Каждые три года собиралась яга помирать: «Несбыточное дело, чтобы Даждьбогову сыну нянькой дольше трех лет быть». Ляжет на лавку, не ест, не пьет, руки на груди сложит и в потолок смотрит. Так по три дня лежала. Потом на рассвете вскочит, трав себе заварит: «Не пускает Упирь».

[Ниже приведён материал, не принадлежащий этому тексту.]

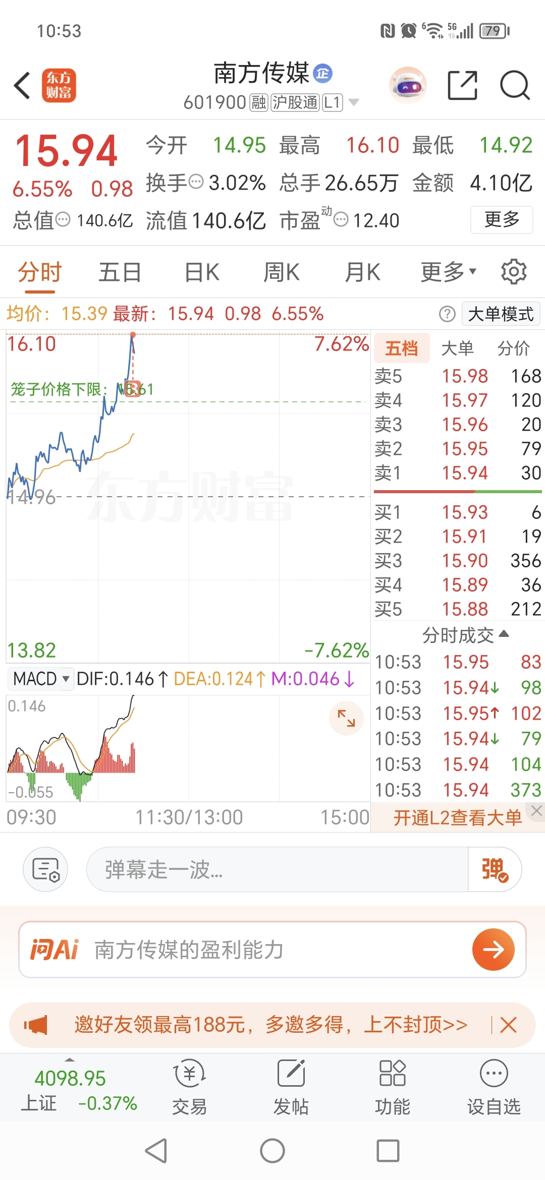$南方传媒(SH601900)$ 我去,够精致了,13没有买一直涨,买了就跌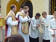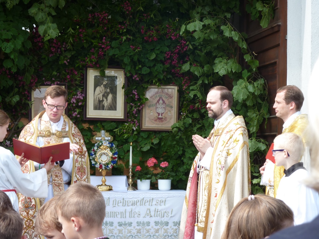 Besondere Gäste der Fronleichnamsfeier waren Hw. Klemens Schubert und Hw. Johannes Paul Kienemund, die erst kurz davor, am 15.5., in ihren Heimatdiözesen Magdeburg und Erfurt die Priesterweihe empfangen hatten. Beide kennen unsere Pfarre, weil sie hier in der Karwoche bzw. zu Fronleichnam schon als Studenten während ihrer Freisemester in Wien an der Liturgie teilgenommen hatten. Sie wohnten damals in der Studentenwohngemeinschaft im Schottenstift.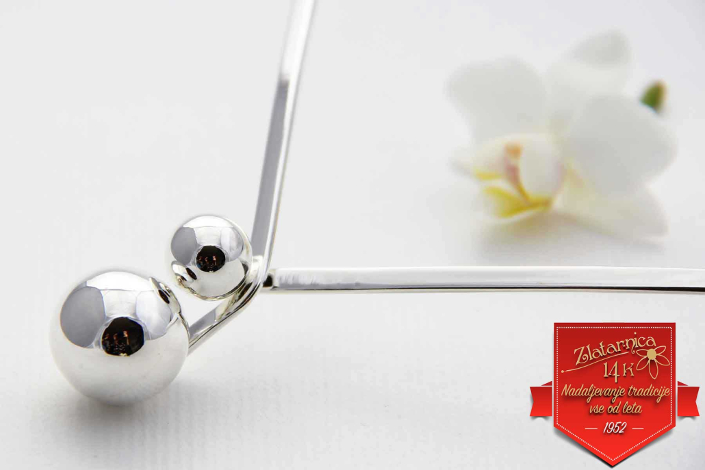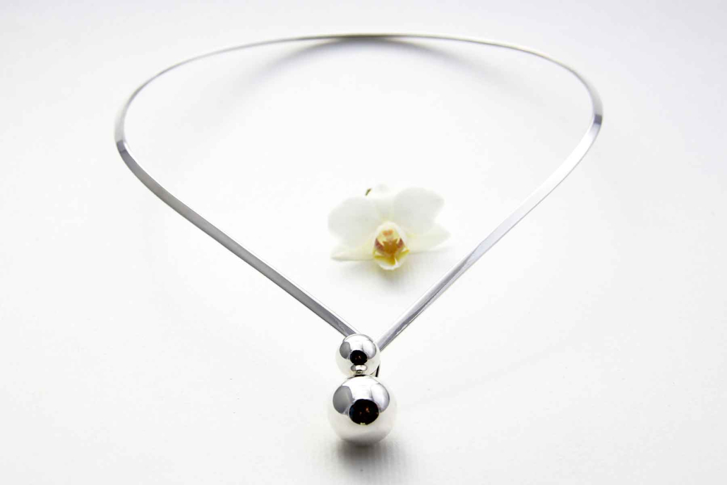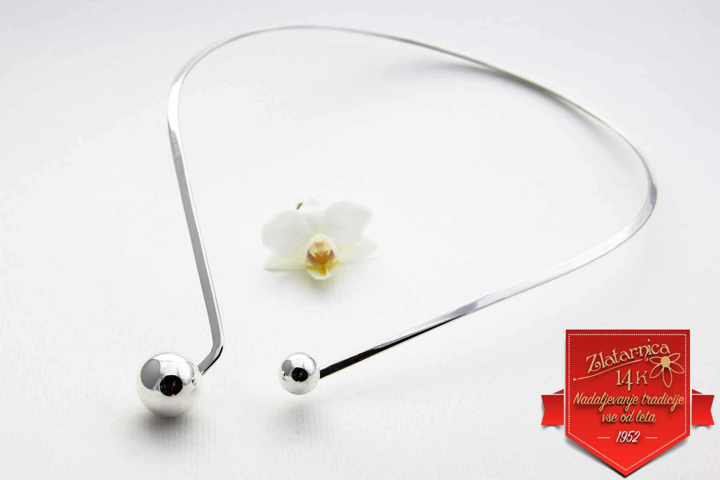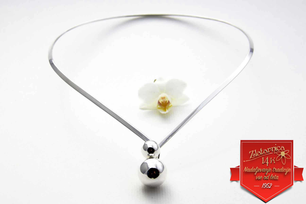 Eleganten gladki obroč z dvema kroglama, ki služita kot zapiralo na sprednji strani.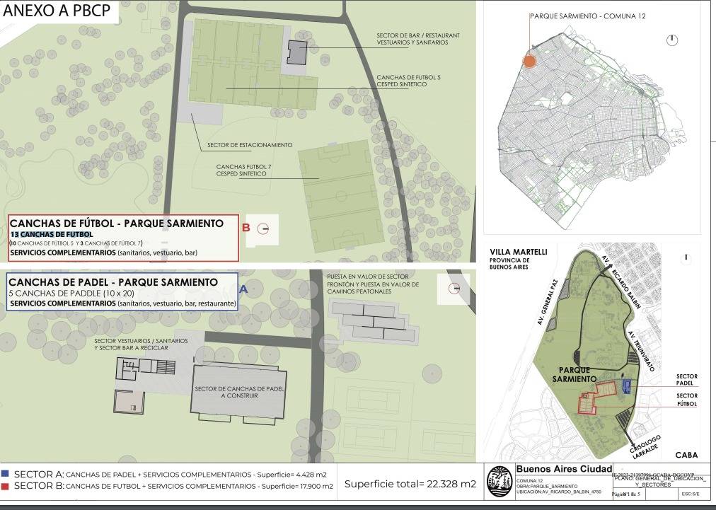 - Sector A: con una superficie a concesionar de 4.428 m2. Se autorizó a construir cinco canchas de paddle, en un área situada entre el ingreso de Avenida Triunvirato y el de Balbín, donde actualmente se encuentran canchas de tenis de cemento en estado de abandono. Allí también se construirán vestuarios y un sector de bar.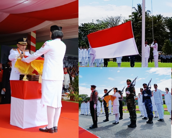 KABGOR – Bupati Gorontalo Prof. Nelson Pomalingo memimpin upacara pengibaran sang merah putih pada upacara peringatan HUT Proklamasi RI, ke-79, Sabtu (17/08/24).
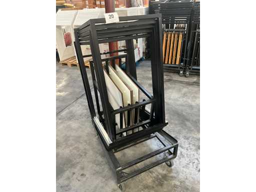 Komplett mit 4x Holzplatte, im mobilen Wagen mit den Maßen: 68x110x130cm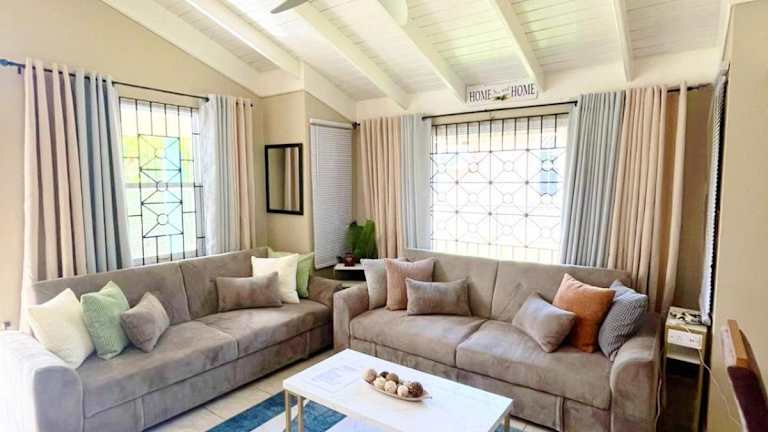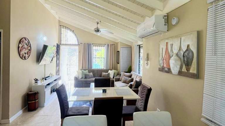 Die Villa verfügt über zwei Schlafzimmer mit Queen-Size-Betten sowie einen Wohnbereich mit einem 55-Zoll-Smart-TV und drei großen Sofas. Es gibt eine voll ausgestattete Küche, eine Smart-Waschmaschine und einen Trockner. Handtücher und Bettwäsche werden bereitgestellt.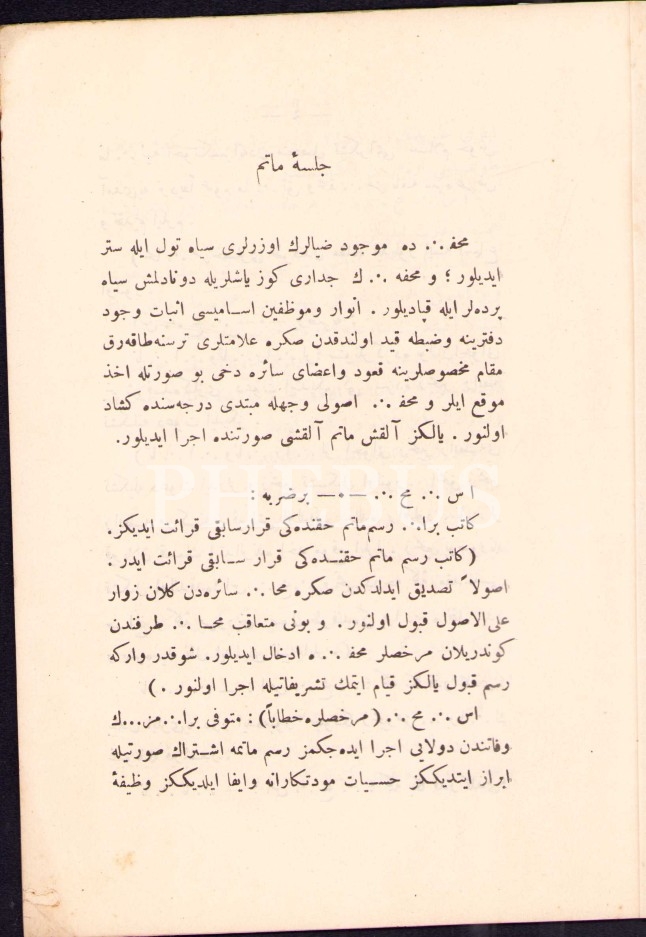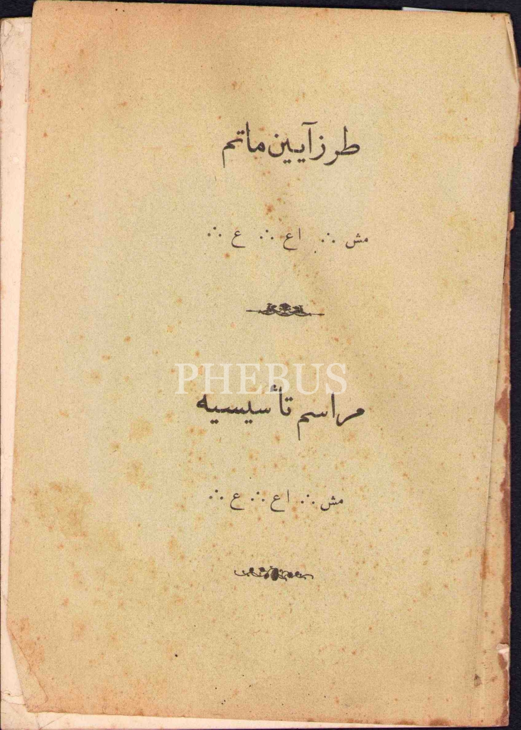 TARZ-I ÂYÎN-İ MÂTEM [YAS AYİNİ USULÜ] ve MERÂSİM-İ TE'SÎSİYYE [KURULUŞ TÖRENLERİ], 28 s., 14x20 cm, kapak sayfası kısmen yarık haliyle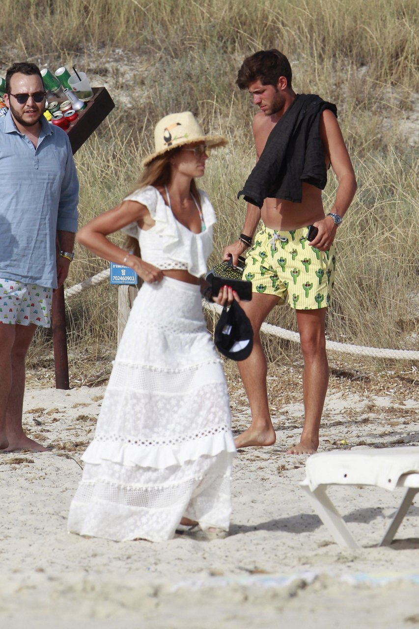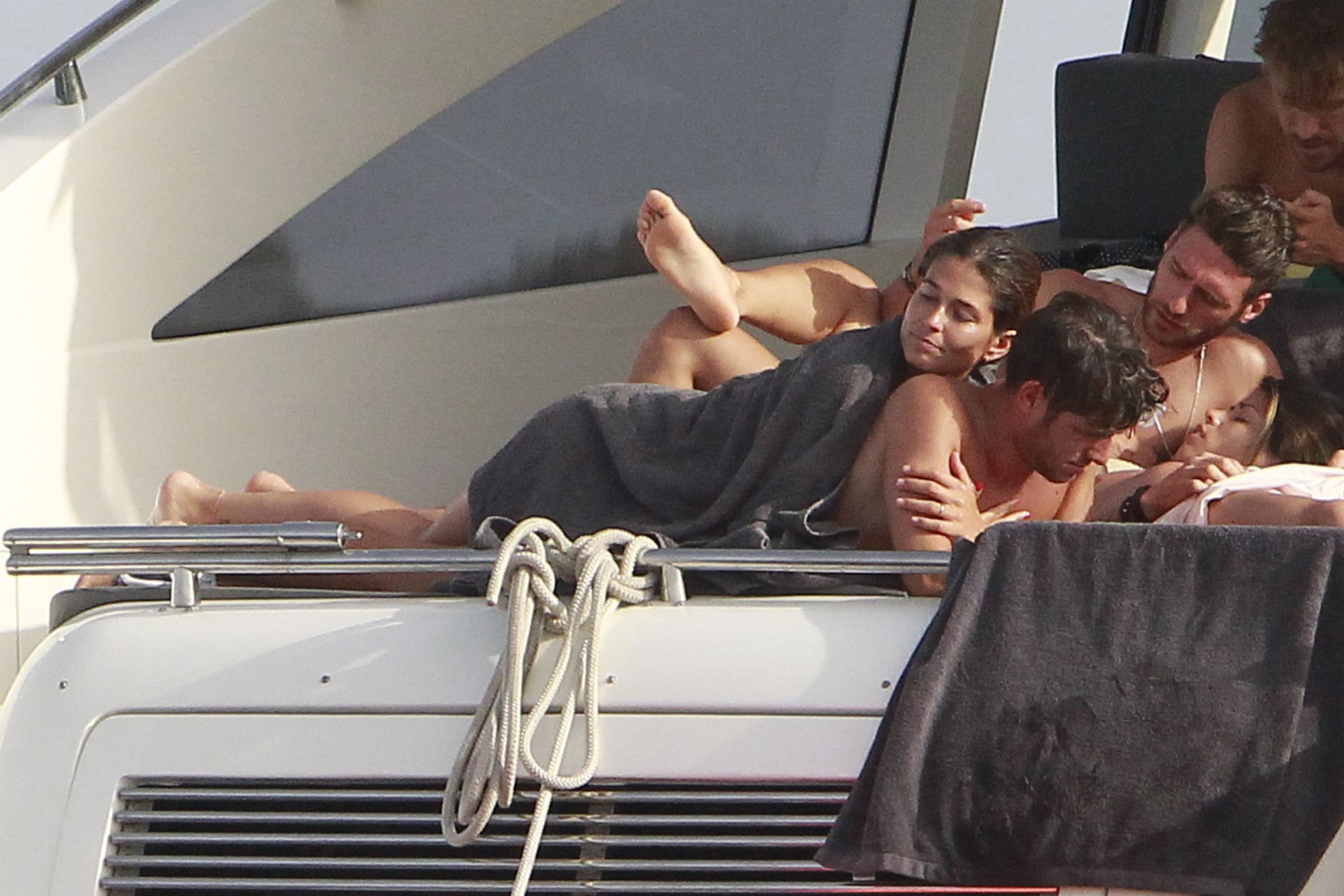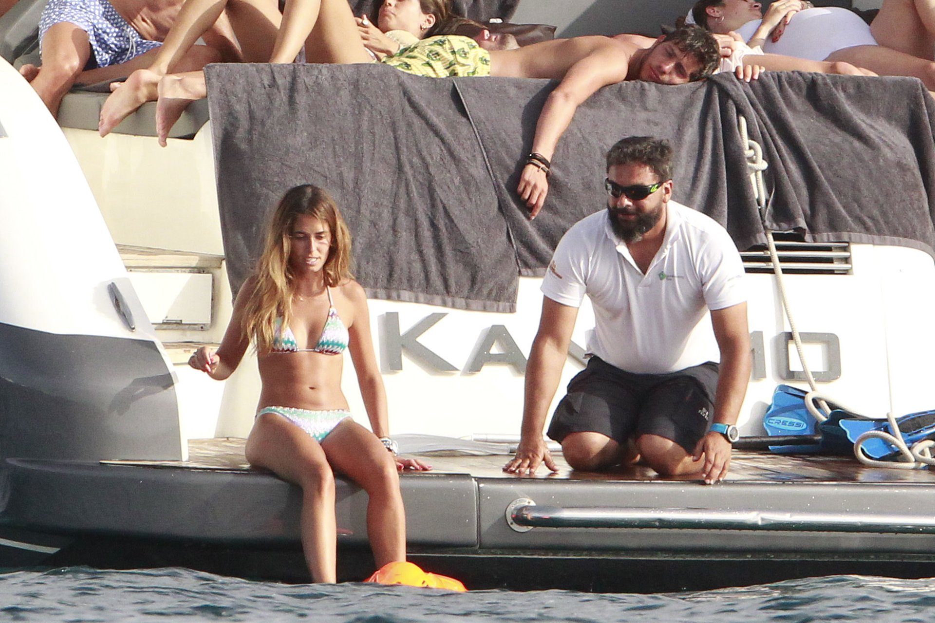 Le joueur de football du FC Barcelone Sergi Roberto et sa partenaire Coral Simanovich profitent d’une journée plage et yacht à Formentera, en Espagne, le 07/03/2018.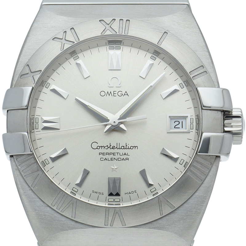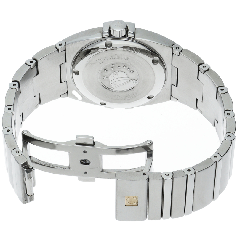 オメガの人気コンステレーションシリーズに新たに加わった「ダブルイーグル」。大き目のフォルムが特徴的なインパクトある1本。パーペチュアルカレンダー機能付。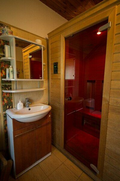 - 1 этаж: большая веранда + гостиная с камином + гостиная с ТВ + сан.узел с душевой кабиной и ИК-сауной + оборудованная кухня;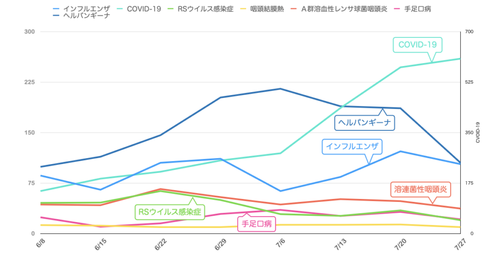 GW明けから5類感染症に移行しましたが、そのタイミングから増加しつつあり、当エリアにつきましては6/1以降増加し続けている状況です。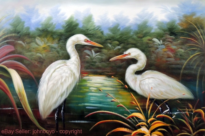Painting: White Heron Egret Pair In Florida Everglades Swamp Stretched 24X36 Oil Painting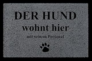 Interluxe FUSSMATTE Schmutzmatte DER Hund WOHNT Hier Tierisch Spruchmatte 60x40cm Haustier Dunkelgrau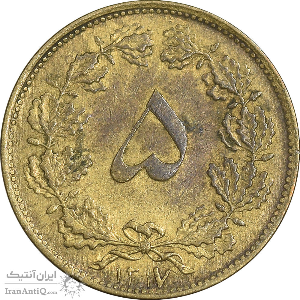 سکه 5 دینار 1317 برنز - EF45 - رضا شاه

Так три раза по три года прошло, но на третий раз не встала яга. Отлежала три дня, а на рассвете меня кликнула:
— Подай мне иголку.
— Зачем, бабушка?
— Суму тебе шить буду.
Шьет и приговаривает:
— На этот раз отойду. За хорошее помни меня, Даждьбогов сын, а плохого не делала я тебе. Мындрагыр маленький да крошки одолень-травы — наследство твое. Травы простые по деревням отдай, а ядовитые или мудреные — какие в суму себе положи, а какие в землю закопай. В избе моей оставайся до весны только — не по тебе ведунья жизнь, бери суму и в дорогу пускайся. Дорога тебе все и расскажет, а я, старуха глупая, что могла, уж рассказала.
Она шьет, я молчу. Потом говорю:
— Бабушка, давай мындрагыра тебе заварим.
Смеется:
— Упирь меня торопит, а ты — мындрагыр. Эй, да ты что? Ты плакать, что ли, собрался?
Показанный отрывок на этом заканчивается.